Assainissement non collectif (art. 21 bis C et 21 bis F)
Deux articles relatifs à l’assainissement et à l’eau sont retranchés du texte "pour des raisons de salubrité publique et de prévention des risques de pollution, ainsi que de libre organisation des services publics locaux et de bonne information des acheteurs". 

Autoconsommation d’électricité en HLM (art 21 bis) 
Trop d’incertitudes pèsent sur le dispositif de répartition des charges liées à une installation d’autoconsommation collective entre locataires de logements sociaux. L’article est supprimé "dans l’attente des réponses du gouvernement". 

Contrôle de la conformité des constructions (art. 23)
Le texte harmonise les horaires des contrôles administratifs de la conformité de travaux aux règles d'urbanisme avec les horaires applicables notamment en matière de perquisition et de visites domiciliaires.

Chapitre VI – Améliorer le traitement du contentieux de l’urbanisme

Illégalité du document d’urbanisme (art. 24)
L’article 24 permet de limiter davantage la répercussion de l’illégalité du document d’urbanisme. Cette disposition n’est toutefois pas applicable aux décisions de refus de permis ou d’opposition à déclaration préalable. Pour ces décisions, "l’annulation ou l’illégalité du document d’urbanisme leur ayant servi de fondement entraîne l’annulation de ladite décision", clarifie la commission.

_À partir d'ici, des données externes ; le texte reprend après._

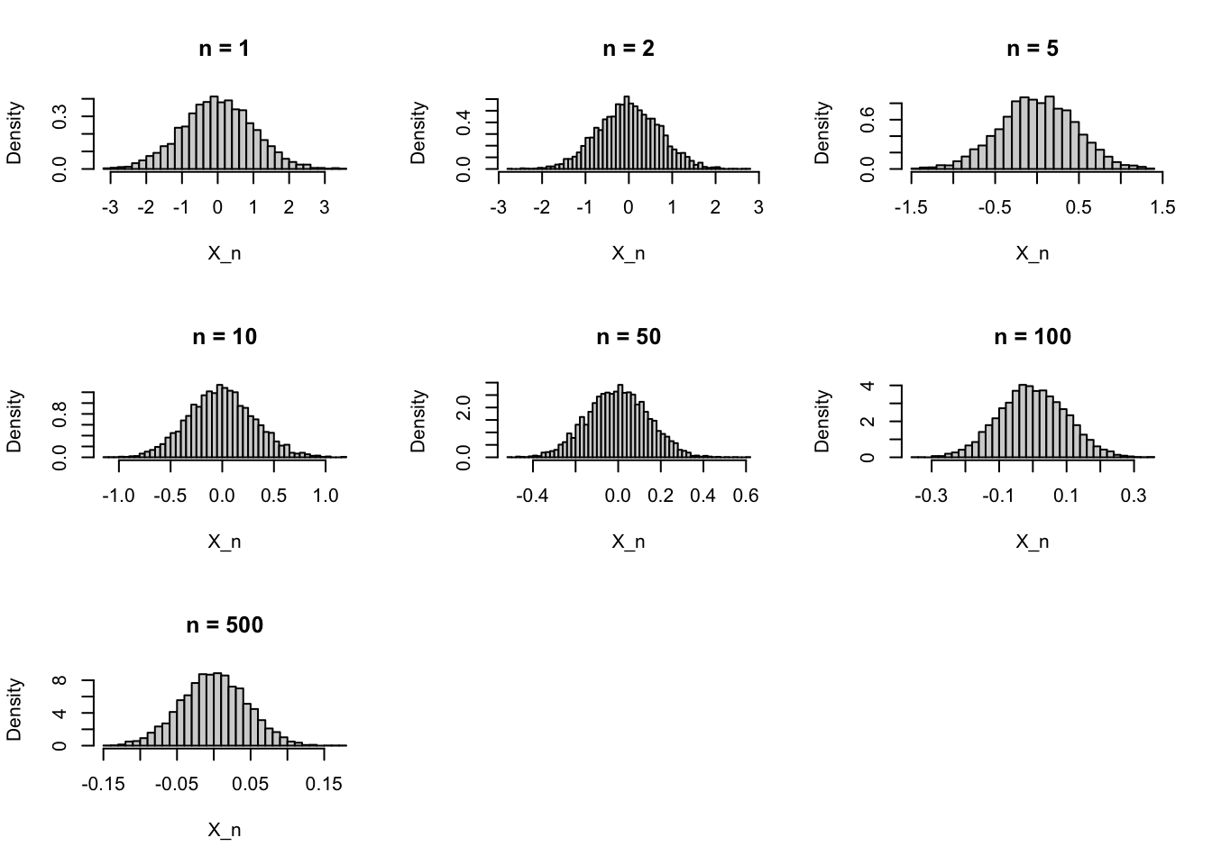 直感的には,\(n\) が大きくなるほど分布が 0 の近くに強く集中するので,\(X_n\) は 0 に近づくはずである。

Lutte contre les recours abusifs (art. 24)
Seules les associations ayant déposé leurs statuts "au moins un an avant" l'affichage en mairie de la demande du pétitionnaire sont recevables à agir contre une décision relative à l'occupation ou l'utilisation des sols. Suivant la même logique, le texte supprime la disposition instaurant une présomption de recours non abusif pour les associations environnementales agréés. 

Conférence de conciliation (art. additionnel après l’art. 24)
S’inspirant de la proposition de loi de Marc Daunis et François Calvet votée par le Sénat en novembre 2016, le texte crée dans chaque département une conférence de conciliation et d’accompagnement des projets locaux, venant remplacer l’actuelle commission départementale de conciliation aux missions plus limitées. Cette conférence pourra notamment être saisie, par les maires ou présidents d’EPCI, en amont des projet locaux nécessitant une décision ou un avis de l’État. Un référent unique placé sous l’autorité du préfet est par ailleurs chargé d’accompagner les collectivités dans l'instruction des projets, en leur apportant conseil et information.

Contrôle de légalité (art. additionnel après l’art. 24)
Les décisions relevant de l'exercice de prérogatives de puissance publique, prises par les SEM concessionnaires d’aménagement "lorsqu’elles sont mandataires" d'une commune ou d’un EPCI, sont explicitement soumises à l’obligation de transmission au contrôle de légalité.